Strona 1 z 7

Awaryjność wahaczy, wytrzymałość zawieszenia kontra "polskie drogi"

PostNapisane: 30 lip 2008, 14:03
przez hutto
jak w temacie chodzi o przednie zawieszenie (glownie) ale rowniez tylne.

Jak sprawuje sie zawieszenie Mazdy 6 na polskich drogach jak czesto je trzeba wymieniac i przede wszystkim jaki jest to koszt.

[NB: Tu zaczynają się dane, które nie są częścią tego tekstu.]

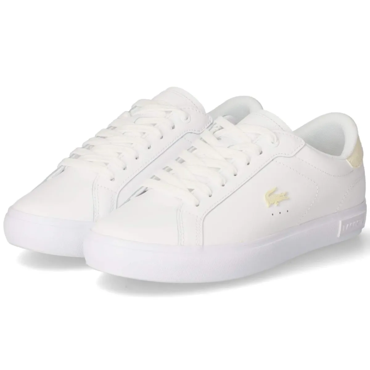 Der Low Sneaker POWERCOURT von Lacoste vereint klare Linien mit ikonischen Details. Glattes, atmungsaktives Echtleder formt das weiße Obermaterial, die runde Spitze und die klassische Schnürung sorgen für zeitlose Anmutung und präzise Anpassung. Ein gepolstertes Fußbett mit textiler Decksohle bietet angenehme Dämpfung im Alltag, während die flexible, rutschfeste Cupsohle sicheren Tritt gibt. Stabilität liefert die verstärkte Ferse, akzentuiert durch das markentypische Krokodil und eine Fersenpartie in beigem Lackdesign; dezente Reptilprint-Elemente setzen einen edlen Kontrast. Der Schuh fällt normal aus und richtet sich an Damen, die Wert auf Komfort und Stil legen. Modetipp: Zu einer hellen Wide-Leg-Jeans, weißem T‑Shirt und beigem Trench entsteht ein cleaner Look; goldfarbene Creolen runden den Auftritt ab.

Mam w tej chwili Audi A4 i poprostu szlak mnie trafia jak trzeba raz na rok wywalic 2000 zł na zawieszenie bo jest stworzone na niemieckie autostrady a nie na bezdroza polskie.

pozdrawiam wszystkich

PostNapisane: 30 lip 2008, 14:25
przez tarkan
Od momentu zakupu (i wymiany od razu przedniego wahacza), jeżdżę drugi rok, oszczędzając oczywiście autko i w ramach możliwości robiąc slalomy między dziurami. Po ostatnim przeglądzie wykonanym 3 tygodnie temu – wszystko ok. Czyli 2 lata bez zbędnych wydatków. Także nie jest źle.

Mazda też nie jest tworzona na polskie drogi, ale jak się umiejętnie korzysta z auta to efekty w postaci oszczędności w budżecie widać.

Jeśli chodzi o koszt oryginalnego wahacza, to akurat ten, który był u mnie wymieniany kosztował coś koło 800-1000 PLN, już dokładnie nie pamiętam.

PostNapisane: 30 lip 2008, 14:35
przez hutto
z czesci jakie ogladalem na allegro wynika ze Mazda 6 tez ma wielowahaczowy system zawieszenia tak?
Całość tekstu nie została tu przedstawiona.